Analysis of “The School”

The story I read is called “The School” from Sixty Stories by Donald Barthelme. It starts by introducing the setting, which is a classroom, and the narrator reveals himself as the teacher. He goes through all the things that have recently died in the classroom, starting with simple things like plants and gerbil pets, to more intense things like the students’ family members and an adopted kid from Korea. He goes through all these deaths as if they were just coincidences, or bad luck, which gives the story a humorous tone. He then proceeds to talk about a deep conversation with the students about life and death, and which gives meaning to which. Then the kids ask the teacher to “make love” to Helen, the teaching assistant, and he says no, but they proceed to embrace and kiss. Then there’s a knock on the door and a new gerbil walks in.

The story moves the reader forward with humor, and doesn’t have a traditional storyline. The climax is the part where they talk about death and life and how “death, considered as a fundamental datum, [is] the means by which the taken-for-granted mundanity of the everyday “. In that part, you can just feel the tension in the conversation between the students and the teacher.

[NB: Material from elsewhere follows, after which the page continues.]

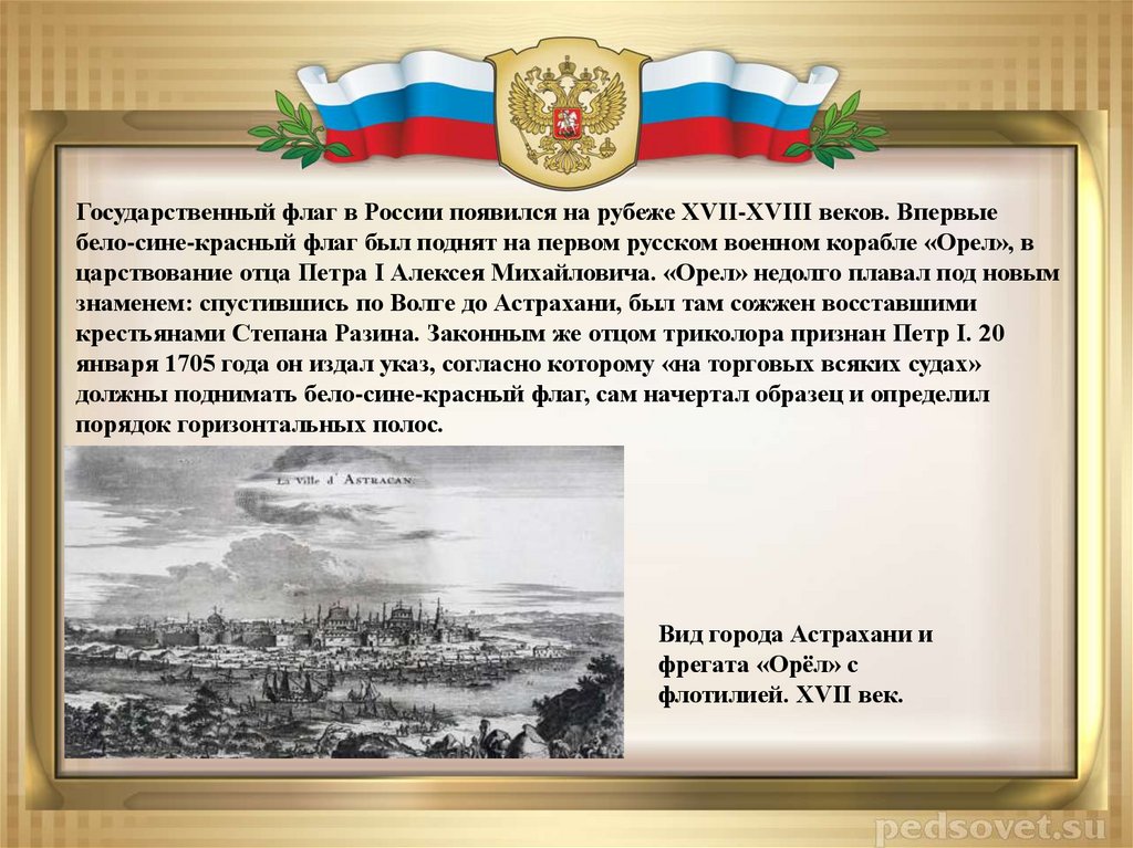 Государственный флаг в России появился на рубеже XVII-XVIII веков. Впервыебело-сине-красный флаг был поднят на первом русском военном корабле «Орел», в

What makes it interesting and special is the fact that the whole story juxtaposes children and death, which are two topics that aren’t usually in the same story, presented in this way. There’s a turning point at which the children move on from the topic of death, and start asking the teacher to make love to Helen (which makes them seem like they want to see some life). In the story, the balance of the conversation of the children between the darkness of death and the darkness of reality of sex, or “making love”, is interesting. It’s almost as if they weren’t scared of either anymore. The ending with the gerbil walking in represents the opportunity for more life to come, even in that dark, depressing school where everything seems to perish.